Perhaps there is hope for me after all.

Wednesday, August 5, 2009

Wedding on the Ohio River


Marietta, Ohio, is a town filled with history. Named after Marie Antoinette in 1788, it was the first settlement of the Northwest Territory, and its many historical markers honor early forts, shipbuilders, steamboats, and the first white woman to set foot in the place. It is small town of broad streets, lovely old houses, and expansive lawns. The perfect place for a wedding.

The wedding guests drove hours to get here. The ones from Pennsylvania wove their way south and west through Ohio mill towns and farmland, while we drove west and north over at least three mountain ranges.
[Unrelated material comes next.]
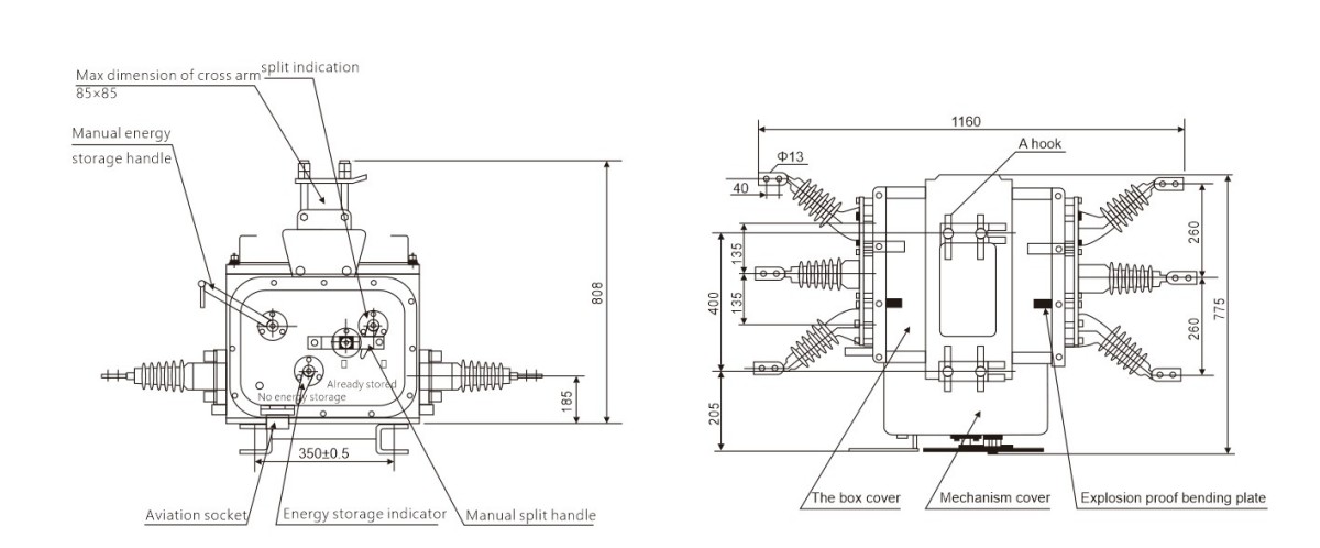 ZW20 Series Outdoor SF6 Vacuum Circuit Breaker digawe ing China uga dilengkapi fungsi praktis ekstra: proteksi overcurrent, indikator panyimpenan energi spring mekanisme, lan soket penerbangan kanggo sambungan listrik sekunder. Gampang banget dipasangake karo pengontrol sing cerdas.

Blue Ridge. Shenandoah. Allegheny. Deep green forests with mist rising from the treetops into the gray, rainy skies. It was a long, wet journey, but one we all happily make when old friends marry off a child.

Fortunately, the day of the wedding was cloudless and warm, and St. Mary Catholic Church, stunning in its size and Old World grandeur, was air-conditioned. The ceremony was so flawless no one could have guessed the behind-the-scenes drama: the bridesmaid’s dress that landed in Vermont instead of West Virginia and the bee that attacked the bride’s mother. It had turned into a perfect day, and we were proud, because this child, this young, beautiful bride, was the youngest of our collective children, the baby we all watched grow up. We had to be there.